Exercise goal: A word-for-word reproduction of the data below is needed, with no pictures in it.

Available data:
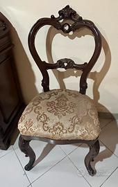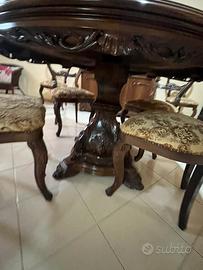 Tavolo rotondo e sei sedue in stile classico ed elegante, piede centrale intagliato, motivo a raggiera, 6 sedie in stile in legno e tessuto.
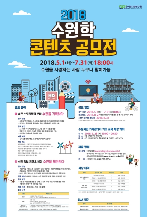 [시사인경제]수원시정연구원은 수원 지역 정체성을 공유하고 수원에 대한 시민의 관심을 불러일으키기 위해 ‘2018 수원학 콘텐츠 공모전’을 연다.
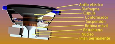 El diafragma es el elemento que radia directamente al aire. Son los más comunes al ser más sencillos que los de radiación indirecta.
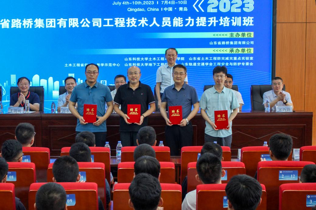 开班仪式上,必赢优惠y272net与山东省路桥集团有限公司举行双方聘任仪式,并颁发聘书。山东省路桥集团有限公司聘任必赢优惠y272net副教授贺鹏为技术中心副主任(兼),聘任教授邓芃、单景松,副教授李松辉为企业导师,必赢优惠y272net聘任山东省路桥集团有限公司党委组织部主任田浩、人力资源部经理魏功槐、技术中心主任张光桥为外聘教授。

Completed task:
 Tavolo rotondo e sei sedue in stile classico ed elegante, piede centrale intagliato, motivo a raggiera, 6 sedie in stile in legno e tessuto.
 [시사인경제]수원시정연구원은 수원 지역 정체성을 공유하고 수원에 대한 시민의 관심을 불러일으키기 위해 ‘2018 수원학 콘텐츠 공모전’을 연다.
 El diafragma es el elemento que radia directamente al aire. Son los más comunes al ser más sencillos que los de radiación indirecta.
 开班仪式上,必赢优惠y272net与山东省路桥集团有限公司举行双方聘任仪式,并颁发聘书。山东省路桥集团有限公司聘任必赢优惠y272net副教授贺鹏为技术中心副主任(兼),聘任教授邓芃、单景松,副教授李松辉为企业导师,必赢优惠y272net聘任山东省路桥集团有限公司党委组织部主任田浩、人力资源部经理魏功槐、技术中心主任张光桥为外聘教授。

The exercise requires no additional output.